SQL> select operation,count(*) from v$logmnr_contents group by operation;
OPERATION COUNT(*)
COMMIT 22236
DDL 2
DELETE 1
INSERT 11
INTERNAL 11
SELECT_FOR_UPDATE 32487
START 22236
UPDATE 480
8 rows selected
- Identifying User Counts
Run the following query to check user activity and operation counts:
SQL> select seg_owner,operation,count(*) from v$logmnr_contents group by seg_owner,operation;
SEG_OWNER OPERATION COUNT(*)
SCOTT COMMIT 22236
SCOTT DDL 2
SCOTT DELETE 1
...
BILLY COMMIT 12899
BILLY DDL 5
BILLY DELETE 2
...
NOTE:
Be aware of next known issue:
If you are not using "select for update" statements often in your application and yet find a high operation count for operation code "SELECT_FOR_UPDATE" then you might be hitting a known issue.
To confirm this check whether SQL_REDO shows select,update statements on AQ_QUEUE_TABLE_AFFINITIES and AQ_QUEUE_TABLES.
If you see these selects and updates, then check the value of the Init.ora parameter AQ_TM_PROCESSES. The default value is AQ_TM_PROCESSES = 0 meaning that the queue monitor is not created.
If you are not using Advanced Queuing, then set AQ_TM_PROCESSES back to zero to avoid lots of redo generation on objects AQ_QUEUE_TABLE_AFFINITIES and AQ_QUEUE_TABLES.
How to find sessions generating lots of redo
- fact: Oracle Server - Enterprise Edition 8
- fact: Oracle Server - Enterprise Edition 9
- fact: Oracle Server - Enterprise Edition 10
SOLUTION
To find sessions generating lots of redo, you can use either of the following methods. Both methods examine the amount of undo generated. When a transaction
generates undo, it will automatically generate redo as well.
The methods are:
- Query V$SESS_IO. This view contains the column BLOCK_CHANGES which indicates how much blocks have been changed by the session. High values indicate a
session generating lots of redo.
The query you can use is:
SQL> SELECT s.sid, s.serial#, s.username, s.program,
2 i.block_changes
3 FROM vsession s, vsess_io i
4 WHERE s.sid = i.sid
5 ORDER BY 5 desc, 1, 2, 3, 4;
Run the query multiple times and examine the delta between each occurrence of BLOCK_CHANGES. Large deltas indicate high redo generation by the session.

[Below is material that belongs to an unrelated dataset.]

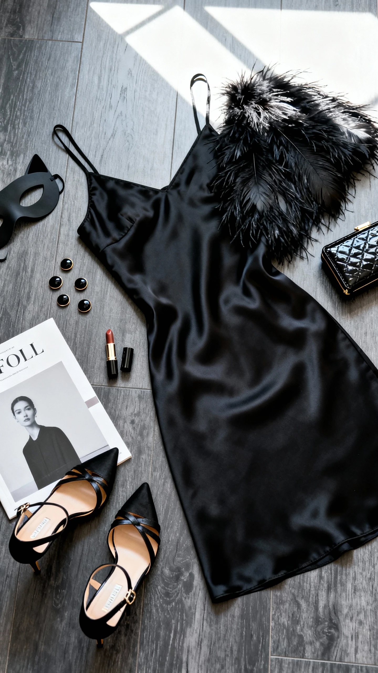 5. Opera Noir: Satin Slip, Feathered Shoulders, And A Cat-Eye Mask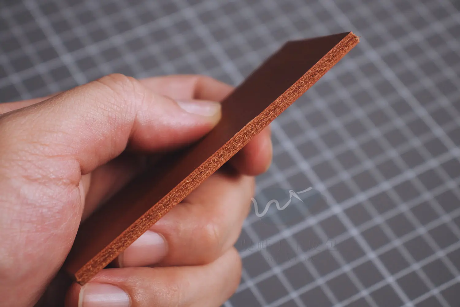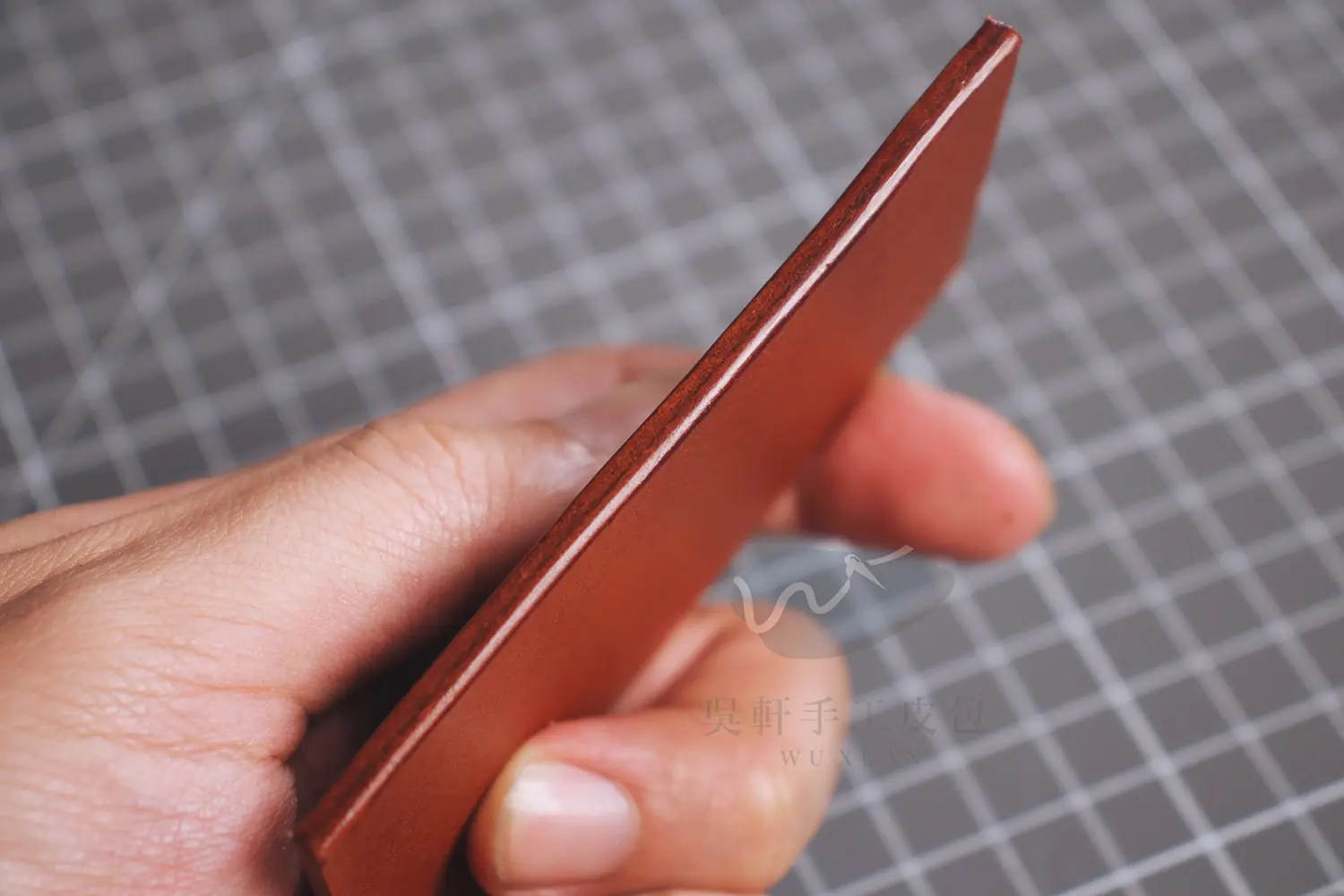 在皮邊工整的情況下,初次打磨我通常選擇 #600 ~ #800 的砂紙;隨著皮革不斷打磨光滑,再逐步增加砂紙細緻度至 #2000 。

- Query V$TRANSACTION. This view contains information about the amount of undo blocks and undo records accessed by the transaction (as found in the
USED_UBLK and USED_UREC columns).
The query you can use is:
SQL> SELECT s.sid, s.serial#, s.username, s.program,
2 t.used_ublk, t.used_urec
3 FROM vsession s, vtransaction t
4 WHERE s.taddr = t.addr
5 ORDER BY 5 desc, 6 desc, 1, 2, 3, 4;
Run the query multiple times and examine the delta between each occurrence of USED_UBLK and USED_UREC. Large deltas indicate high redo generation by
the session.
You use the first query when you need to check for programs generating lots of redo when these programs activate more than one transaction. The latter query
can be used to find out which particular transactions are generating redo.